The “mouthy” problem or template effect is particularly in the way if you generate non human creatures. Like you can see by all the examples i sent, they are all not human faces. And the problem is, instead of creating a face witch makes sense for the descried creature, it glues this silicon looking facial structure on it.
If a human “mouthy” is on a human face, you would maybe not even notice it. But try to create aesthetic non homan’s. If you create monsters this mostly is stronger then the mouthy and the network takes a other path to the result. (i mostly now avoid “mouthy” by simply create more monster characters. but this not work with the lightning template effect.)

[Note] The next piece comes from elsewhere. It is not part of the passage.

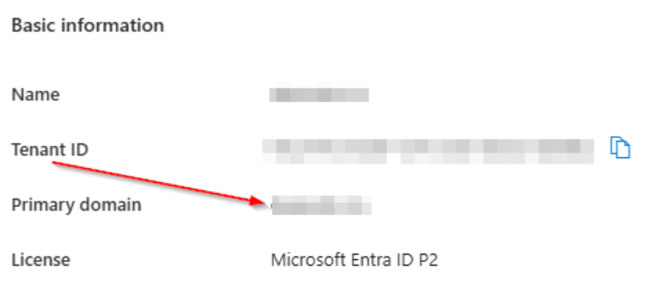 - Next, collect your Primary Domain, which can be located on the landing page of Azure on the Overview page; this will be used for the Organization field later on
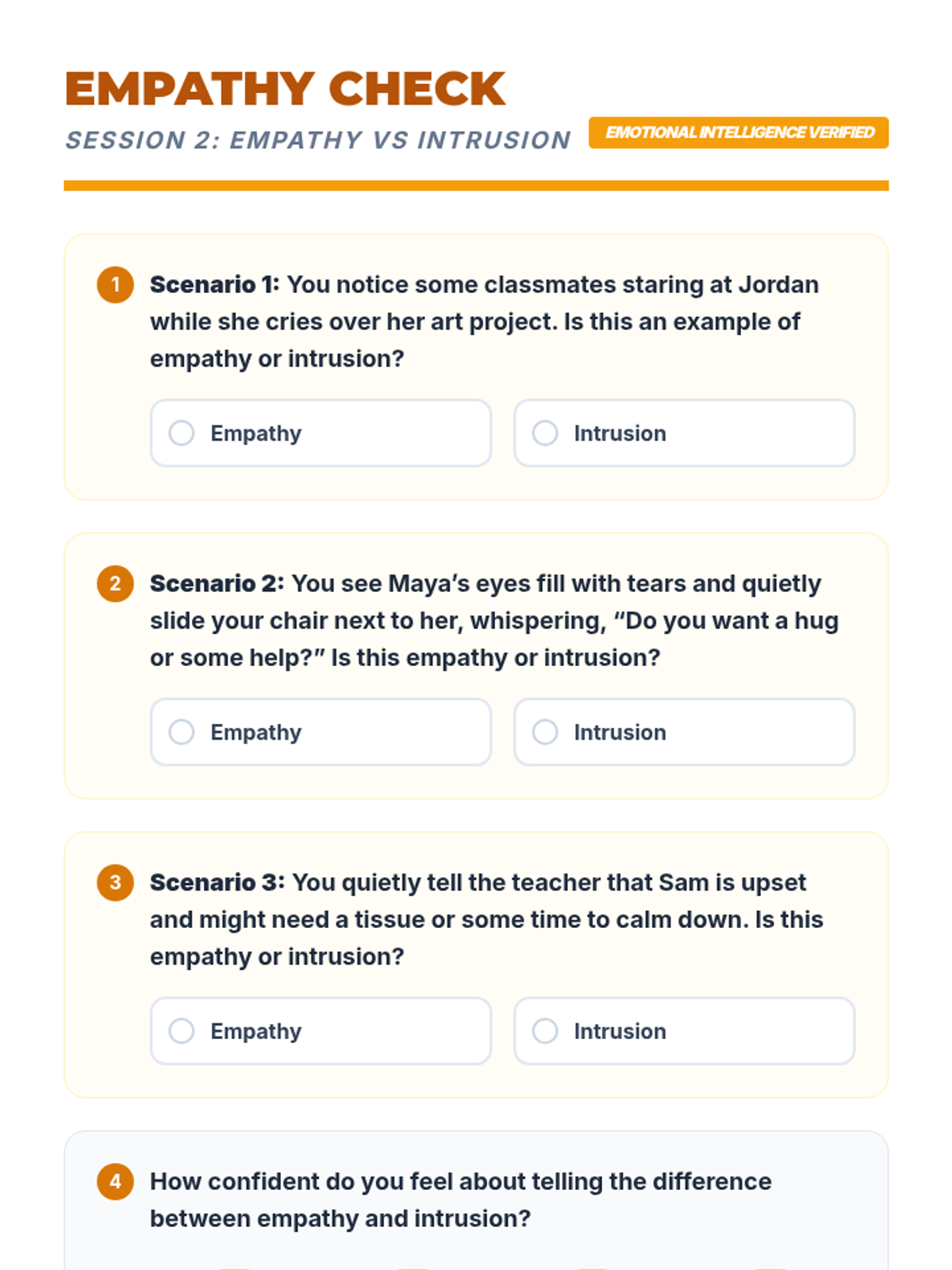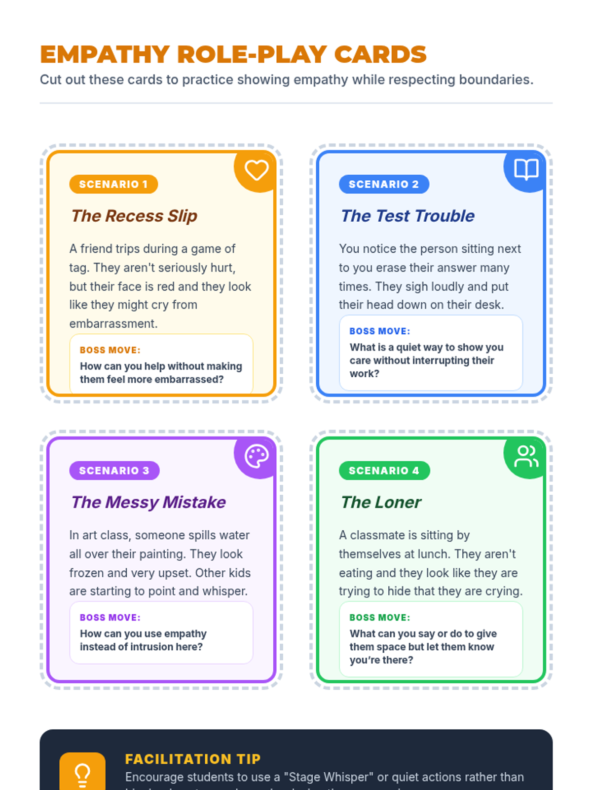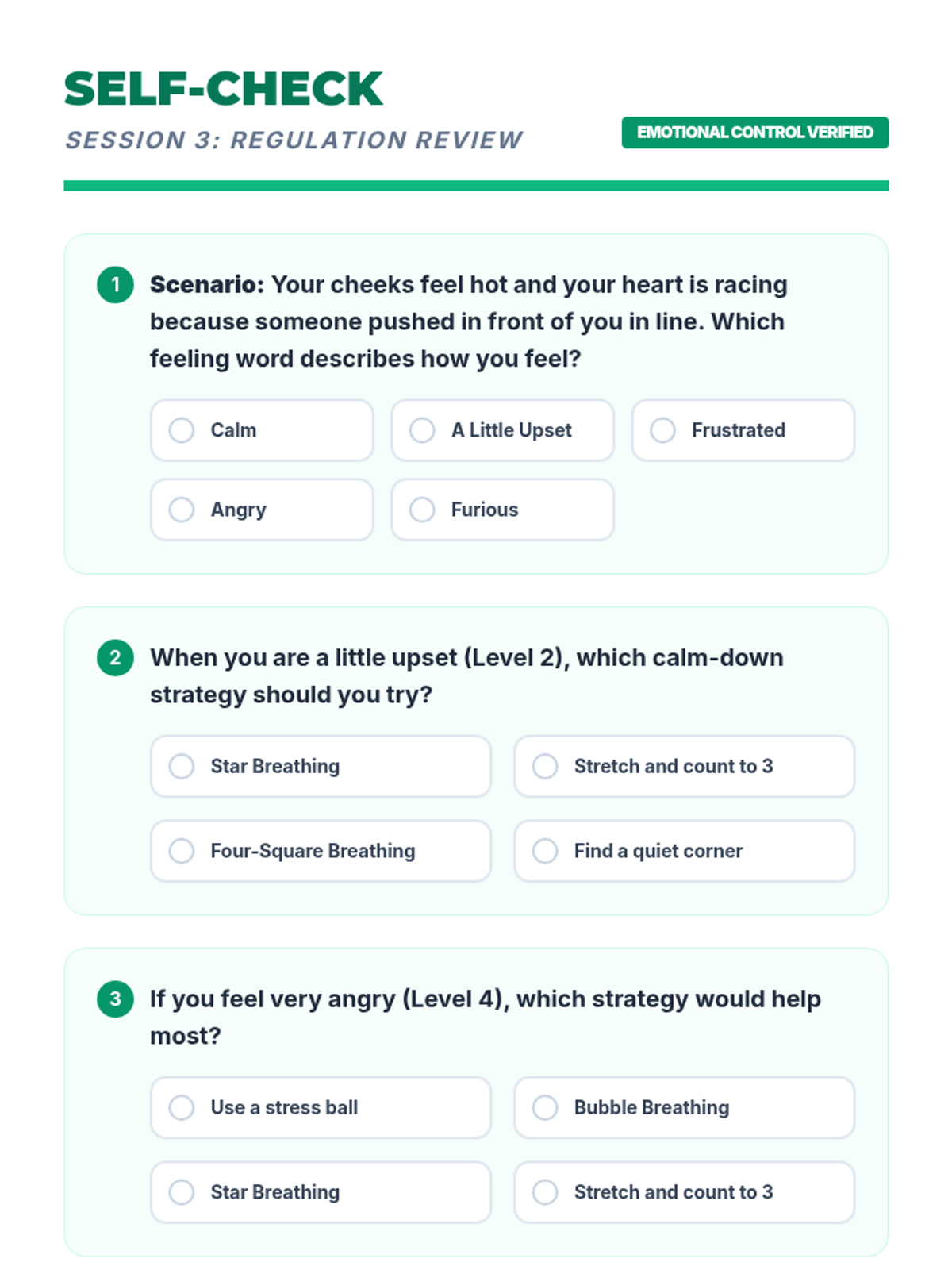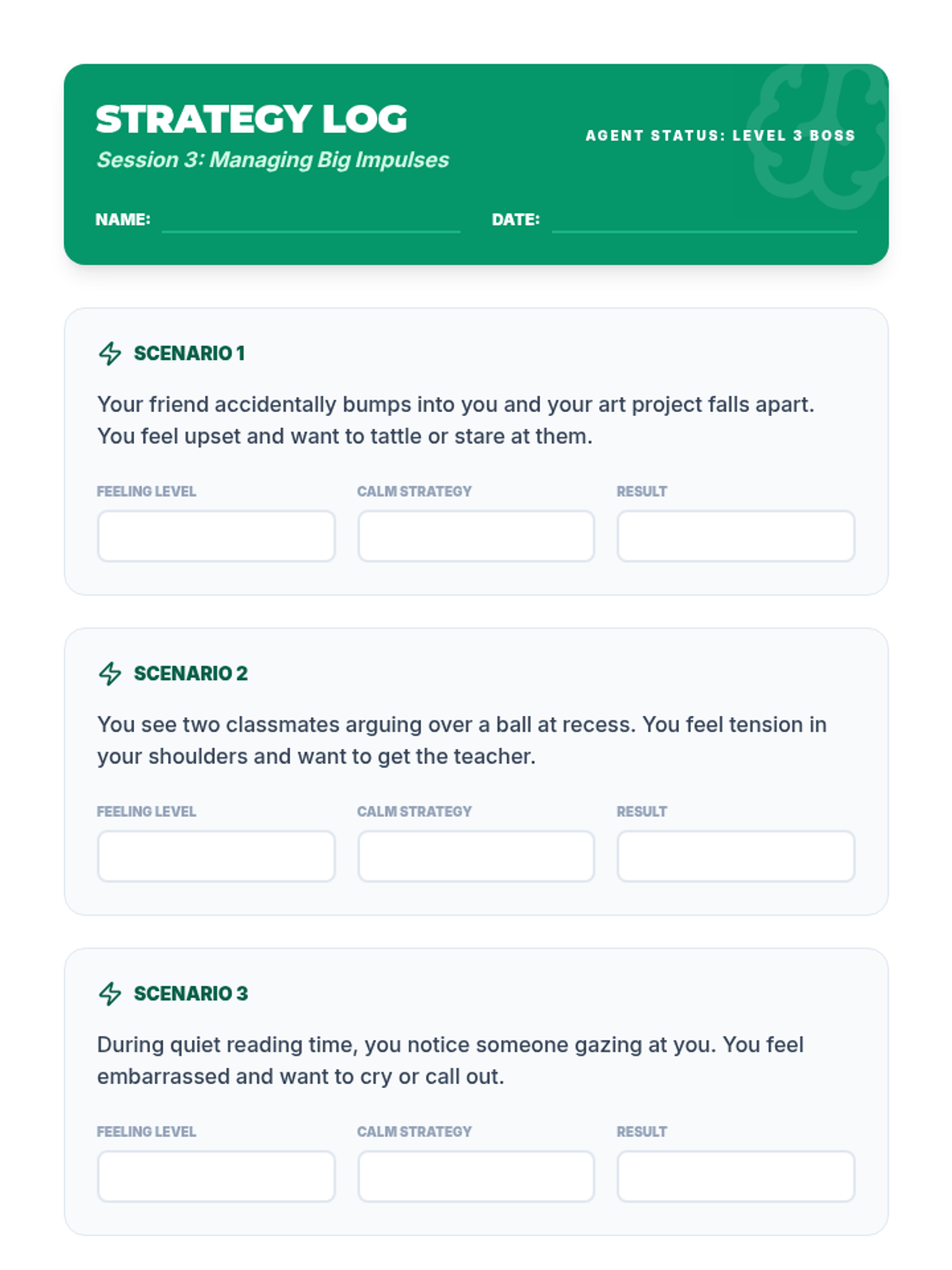 A 5-session individual intervention designed for students to develop self-regulation, distinguish between tattling and reporting, and respect peer boundaries. Students learn to 'mind their own business' through interactive stories, role-plays, and self-regulation tools.

You can talk it out of the way some how, but with a probability it still shows up, or it shows up in a mix way, half human, half what it should be. and you use then 1 - 2 descriptions for the creature, and 4 - 6 only for the mouth. and it is always the almost same mouth, it is like that the weights are strung there and always guide the network to this result.
I don’t know how the system understands faces, but it could be is analyses them in segments (similar like a facial recognizer). And like for all the template effects i found, i speculate now that the weights are simply to heavy in one direction. The moon is a other example for this. i speculated they have reduced the dataset, but i not think so anymore (i hope). I think it is a training issue, which pushes the decisions too much in a direction, like in a dead end. there are surely many moon pictures out there, but the systems always uses the same completely ugly. it is like, that the system “likes” this mood the most, And give it too much weight, and so the randomized selection process always ends up with the same result. And the same is with all the template effects. Imagine a course of a river, where the water has worked deep in the soil, and where the terrain is scarped, the water simply always goes down the same way, (and does even more work on the soil, if feedback is used).

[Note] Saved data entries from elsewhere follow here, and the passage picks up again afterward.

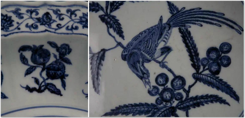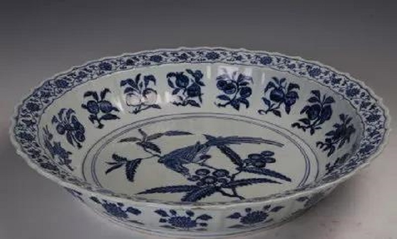天博藏明永乐青花枇杷绶带鸟纹盘,高9.7厘米,口径50.5厘米,底径34.8厘米。菱花口,板沿,细白砂底。通体施白釉,满绘青花纹饰。口沿内绘一周青花缠枝莲纹,外口沿为一周汹涌澎湃的青花海水纹。内壁十六个花瓣内绘形状不同的青花折枝花果,外壁十六个花瓣内绘青花折枝菊纹,内底双弦纹内主题纹饰为青花绘枇杷绶带鸟图。整个画面布局疏朗明快,运笔顿挫有致,极富节奏感,纹样显然出自同时期宫廷画院画师的稿本。此盘胎质细腻洁白,釉层肥厚晶亮,外底无釉,抚之有糯米粉般的爽滑感,青花色泽浓艳,蓝中泛黑,是用进口的“苏麻离青”料所绘。这种钴料在明朝时十分名贵。因为其含铁量高,含锰量低,所以,烧造后自然形成沉入胎骨的铁锈斑。
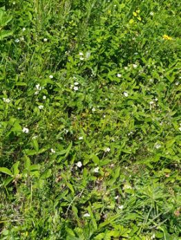 На участке стоит старенькая банька. Со стороны единственных соседей установлен забор. Участок сухой, весь покрыт земляникой и цветами. В конце участка протекает небольшая речка Шарама.
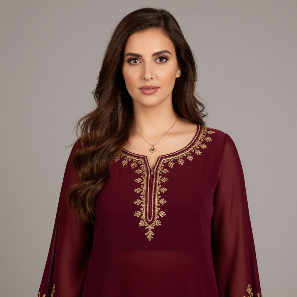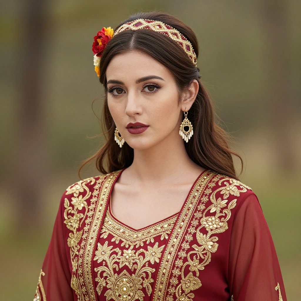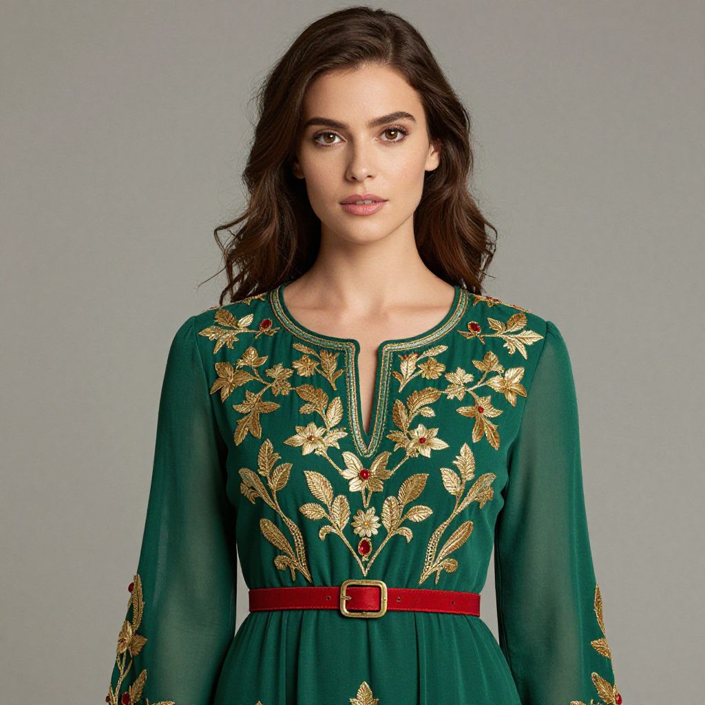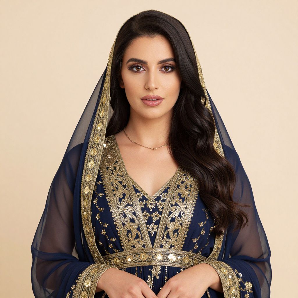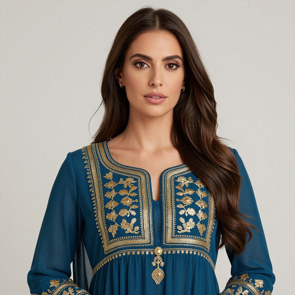 Woman with long brown hair and a blue dress with gold embroidery on it.
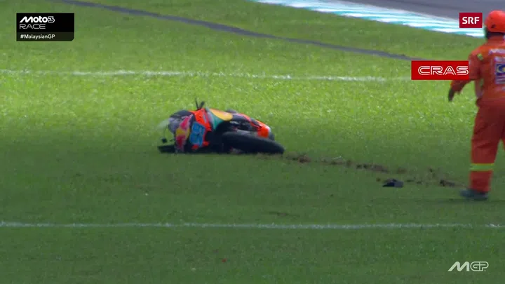 Rote Flagge statt geplanter Rennstart zur Moto3-Konkurrenz auf der malaysischen Halbinsel. Bei der drittletzten WM-Station 2025 ist Noah Dettwiler heftig gestürzt, verletzte sich schwerwiegend und wird aktuell im Spital in Kuala Lumpur behandelt.

How you get the fire done is interesting too. I tried many things, but the illumination “template” is very hard to switch of. I have some pictures i would like to correct, because this lightning in the dark is very ugly, and in more complex scenes it is impossible to edit it without a other AI.

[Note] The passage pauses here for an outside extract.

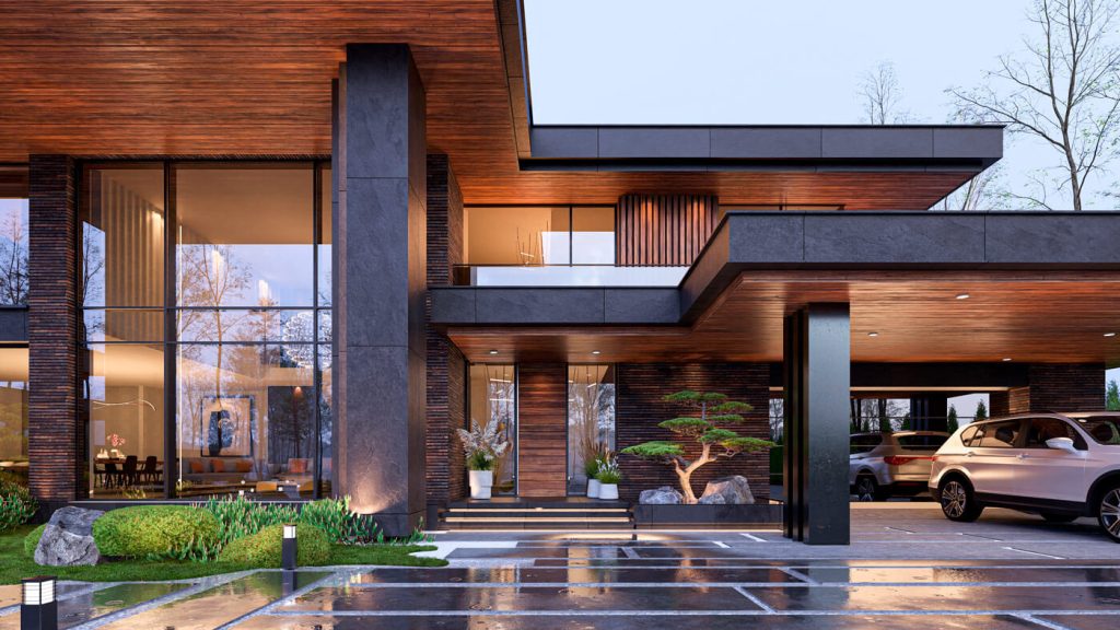 Проект предполагает использование натуральных материалов: натурального камня, дерева, кирпича, керамогранита.

In the summary i think, the system must be trained better, and the separation of attributes must be done more precisely. So that if you have for example a very dark scene, with only 1 light source, or only a decent rim light, the system has data for this it can use. I have not fully understand now how CLIP works, GPT not give me anything substantial. But i think it is both, the entering data must be cleaner and be better described. (And the connection to language/prompt and data most be better i think).